Cat squeezed my arm. "That's all I'm asking. Just... awareness."

After she left, I stood at the counter, tapping my fingers against the wood. The old Elyse would already be plotting surveillance and background checks. I was considering Drew's and my friends' words, especially now that Holly was living with us, but as I returned to my cleaning, I couldn't help but wonder what was written on that note. And who would leave it for Allison. And why.

27

HOLLY

Iwasn't eavesdropping, not exactly. I was just organizing the teen section at Aunt Elyse's bookstore when Cat came in looking all serious. They moved to the reading nook, voices low, but sound carried in that old building. Something about Allison and notes on her car.

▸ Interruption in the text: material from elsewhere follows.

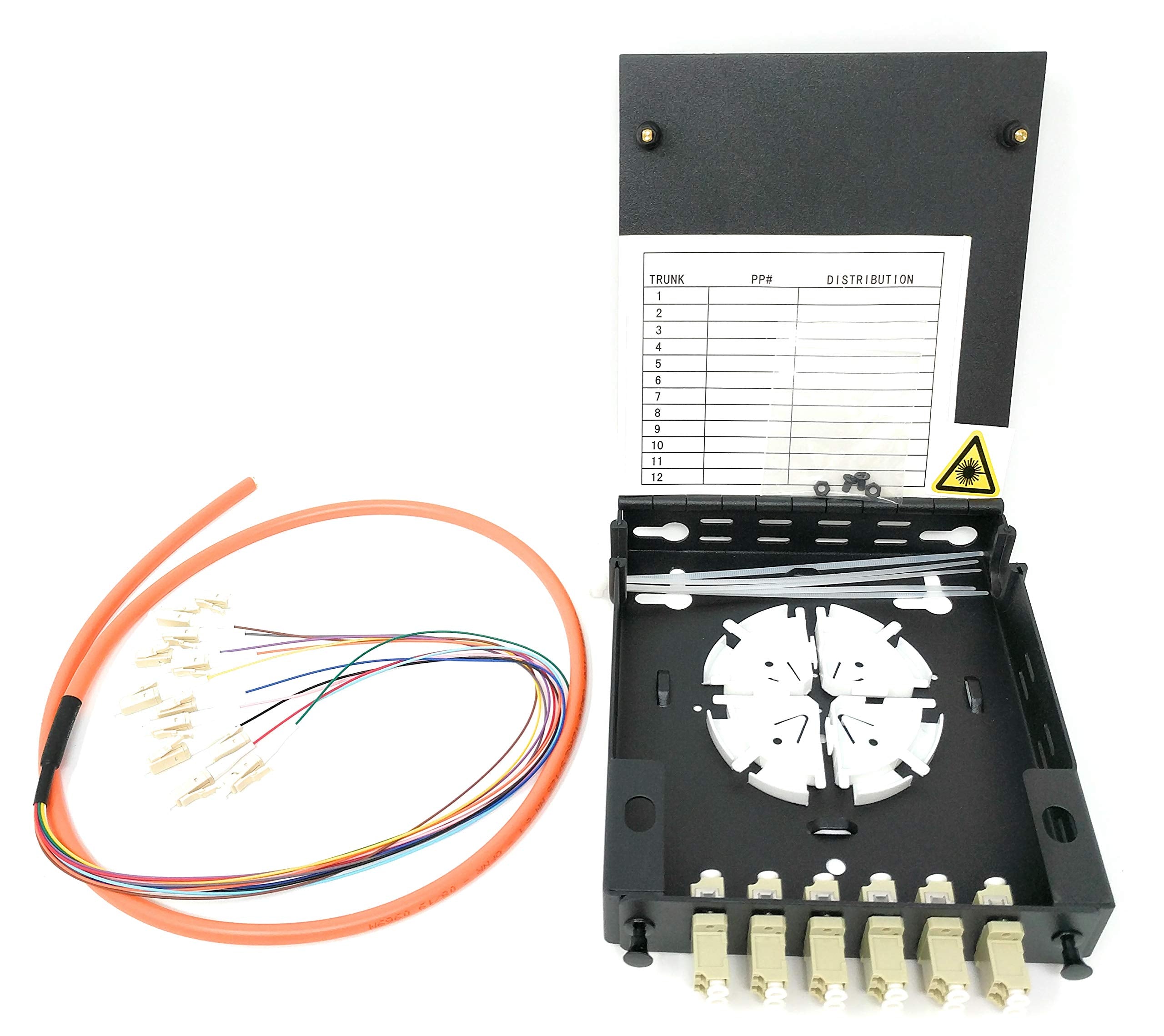 Ultra Spec Cables 6 Port Wall Mount Fiber Enclosure with Spool Multimode OM1 Simplex LC-UPC Kit (Includes a 1 Meter 12 Strand LC-UPC MM Pigtail and 6 Port LC-UPC Duplex LGX Loaded Panel for Splice

It stuck with me the whole afternoon, even as I pushed Noah on the swing at the park across the street while his mom finished her shift at the café. Noah was different that day. Quieter, glancing toward the café door every few minutes like he was checking for someone.

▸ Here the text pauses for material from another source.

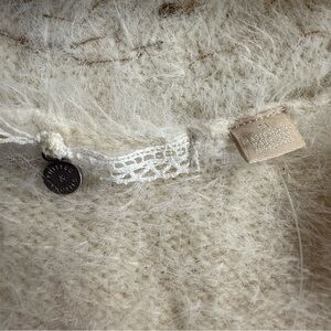 Anthropologie Knitted & Knotted Soiree Open Sweater White Gold Sequin Medium
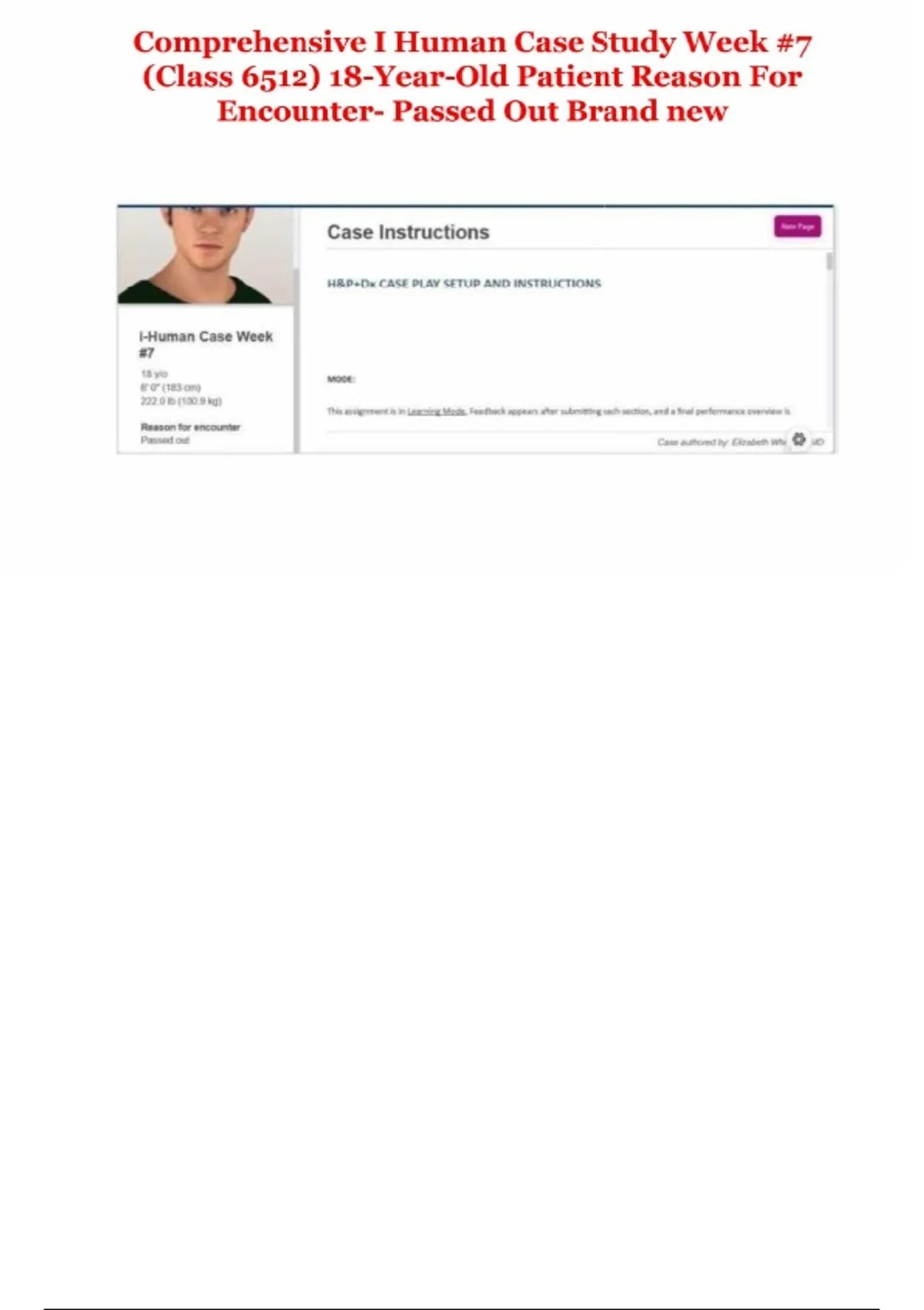 Comprehensive I Human Case Study Week -7 (Class 6512) 18-Year-Old Patient Reason For Encounter- Passed Out Brand new.pdf

"My grandma says I'm staying home with her while mama works at the cafe this weekend," he announced suddenly, knocking over the tower we'd spent twenty minutes building.

"That sounds fun," I said automatically, helping him gather the scattered blocks.

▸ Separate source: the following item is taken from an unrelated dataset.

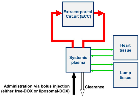 Overview of computer model. The model was adapted from a prior publication [20], with addition of the extracorporeal circuit (ECC) as indicated. For comparison to experimental results, systemic plasma Dox concentration was calculated with and without ECC filtration. In addition, Dox uptake by the heart was estimated as surrogate for cardiotoxicity.
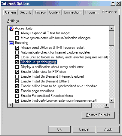 IF you have SELECTED the Disable script debugging checkbox in the Browser Settings portion of the Internet Explorer\Internet Options\Advanced screen (see example above) AND if you have NOT SELECTED the Display a notification about every script error checkbox, the error message will not display.

He shook his head, lower lip jutting out. "I don't wanna. Can't I stay with you?" He looked around and dropped his voice to a whisper. "Mama is extra sad at Grandma's house."

I tried to keep my face neutral, remembering what Aunt Elyse had said about not prying. "Oh? Why's that?"

Noah shrugged with the dramatic flair only a four-year-old can manage. "Grandma yells when she thinks I'm sleeping. Says mean things that make Mama cry. I don't think grandma likes my mama very much."

My stomach tightened. I knew that feeling—pretending to be asleep while adults fought, the helpless anger of being too small to do anything about it.

"Did you tell your mom that you heard?" I asked carefully.

Noah shook his head again. "Mama pretends she's not sad. I pretend I don't hear the yelling." He ducked his head and lowered his voice to a whisper. "We have secrets."

The matter-of-fact way he said it broke something inside me. I'd had those same "secrets" with my mom. That unspoken agreement to pretend everything was fine when it so clearly wasn't.

"Hey Noah," I said, stacking a red block on top of our rebuilding tower. "You know how your mom takes care of you?"

He nodded, adding a blue block.

"Well, sometimes grown-ups need people to take care of them too. If you're worried about your mom, it's okay to tell someone."

"Like who?" he asked, his eyes wide and serious.

"Like Miss Elyse. Or Miss Cat." I handed him another block. "We care about your mom a lot."

Noah considered this, his forehead wrinkled in concentration. "Grandma says Mama doesn't know how to be a good mama without Daddy. That's why Grandma has to watch her all the time."

My chest tightened. I'd heard similar things growing up: how my mom couldn't handle being a parent, how she needed to be "monitored." But it sounded like what Noah had overheard hadn't been about helping; it had been about control.

"Your mom is a great mom," I said firmly. "She works really hard and makes sure you're safe and happy."

"And she makes the best peanut butter sandwiches," Noah added seriously. "With the crusts cut off and in triangles."

"Exactly. The very best triangles."

The café door opened, and Allison stepped onto the patio. Her smile looked strained around the edges, her phone clutched tightly in her hand.

"Ready to go, buddy?" she asked Noah, her voice forcibly bright.

Noah ran to her, wrapping his arms around her legs. "Can we have mac and cheese for dinner?"